The IRS began to chime in on this issue three years ago when it released findings from its College and Universities Compliance Project, which questioned the tax compliance of certain high-level perks such as cars, housing, social clubs and travel. The IRS’s reach with respect to institutional penalties for Division I schools is generally limited to the tax-exempt private institutions, who are often the minority in the field of revenue-generating programs.
This does not mean legislative action is out of the question, especially after a recent attempt to enact a financial transparency bill for college athletics. As attention to pay packages increases, the pressure to assess how public funds are spent means institutions must be increasingly mindful of the basis for compensation decisions and protections to the university for the sizable benefit being conferred.

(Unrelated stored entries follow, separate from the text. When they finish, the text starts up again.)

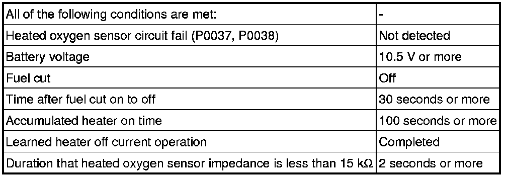 After the accumulated heater ON time exceeds 100 seconds, the ECM calculates the heater resistance using the battery voltage and the current applied to the heater. If the resistance is above the threshold value, the ECM will determine that there is a malfunction in the heated oxygen sensor heater and set DTC P0141.
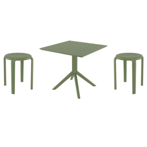 Introducing the Tom chairs and Sky 31" square table 3 piece dining set in Olive Green - the perfect addition to any small outdoor living area! Crafted from high-quality polypropylene resin, this set is durable and weather-resistant, ensuring it will last you for years to come. Tom chairs feature a sleek and modern design, with a comfortable seat and backrest. Sky 31" square table providing ample space for two people to enjoy a meal or drink together.
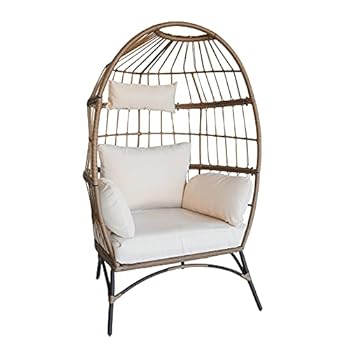 LUCKYBERRY Wicker Egg Chair Rattan Chair Brown, Outdoor Patio Porch Lounge…
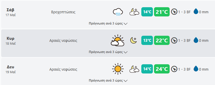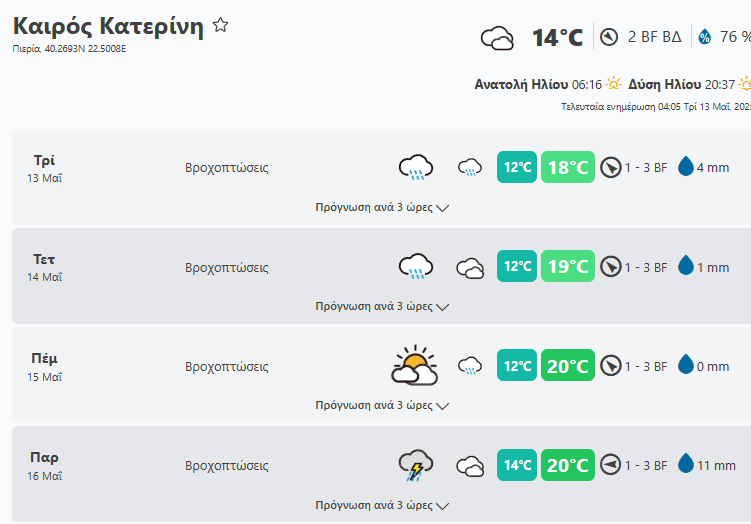 Τρίτη 13 Μαΐου o καιρός στην Πιερία. Δείτε τι καιρό θα κάνει το επόμενη εβδομάδα
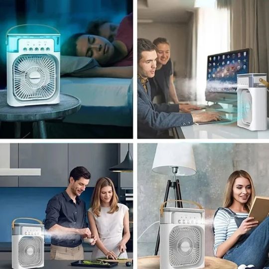 USB Electric Summer Table Cooling Fan with Humidifier and Color Lighting. The Fan comes in Diffrent colors Dispatching on stock availability
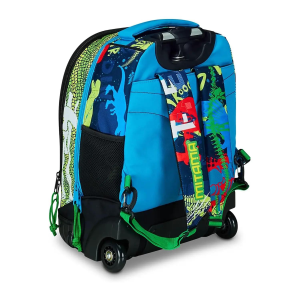- Design zaino: Tirannosauro Rex in tema di colori vivaci azzurro, verde e rosso, per un tocco di fantasia e originalità

At the risk of raising the pink elephant in the room, what then protects a university that has invested millions in a quality coach and millions more in infrastructure to build a competitive athletics program from losing that investment overnight due to sanctions caused by a major violation? In a world where contracts are intimately familiar with terms like “related athletic income” and “liquidated damages,” where is the protection from rogue athletic staff essentially supplying improper evening entertainment to recruits?

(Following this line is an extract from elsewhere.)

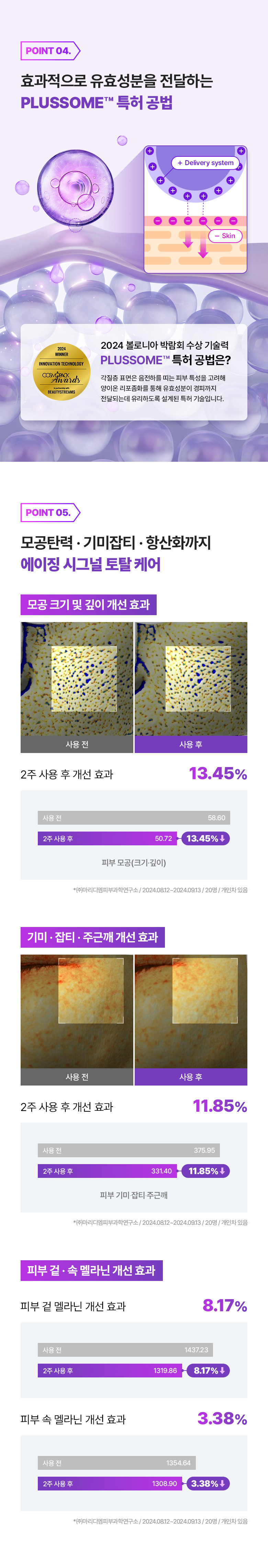 Gyors felszívódás: A speciális "PLUSSOME™" technológiának köszönhetően a hatóanyagok 3 másodperc alatt a bőr mélyebb rétegeibe jutnak, nem hagynak ragacsos érzetet, csak egészséges fényt.

This is an area of potential leverage for presidents and athletic directors. For one, NCAA rules require that all contracts for athletic personnel include compliance with its bylaws. Second, thanks to the new violation structure implemented two academic years ago, additional responsibility falls on coaches. However, having the basis to enforce specific remedies and taking legal protections to do so remain separate matters. Consider the following text from NCAA Bylaw 11.1.1:
An institution’s head coach is presumed to be responsible for the actions of all institutional staff members who report, directly or indirectly, to the head coach. An institution’s head coach shall promote an atmosphere of compliance within his or her program and shall monitor the activities of all institutional staff members involved with the program who report, directly or indirectly, to the coach.
In the spirit of the winnowing of the field to the Final Four, I leave the following considerations for those who let moss grow on their coaching contracts by either renewing an old document, using a time-honored “form agreement” or sought to cure their contract ailments by enacting 16 amendments to the original document:
- It’s time to start over – part of the problem with any employment contract is a failure to understand both legal and industry changes which may have affected your protections and contractual remedies.
- Understand your geography – unless you follow legal opinions closely, you may not be aware of California’s position on non-competes (“what’s that?”) or the Arkansas Attorney General’s position on public universities providing post-employment sabbaticals (“expect high scrutiny”).
- Employment rights include issues before and after employment – the right to obtain factually accurate background information does not disappear day one, nor should your right to ask a departing employee to cooperate in preparing for a Title IX investigation.
- No one should be expected to tell the future – but you can protect your institution against a variety of potential circumstances by the conditions placed on both buyouts and severance packages.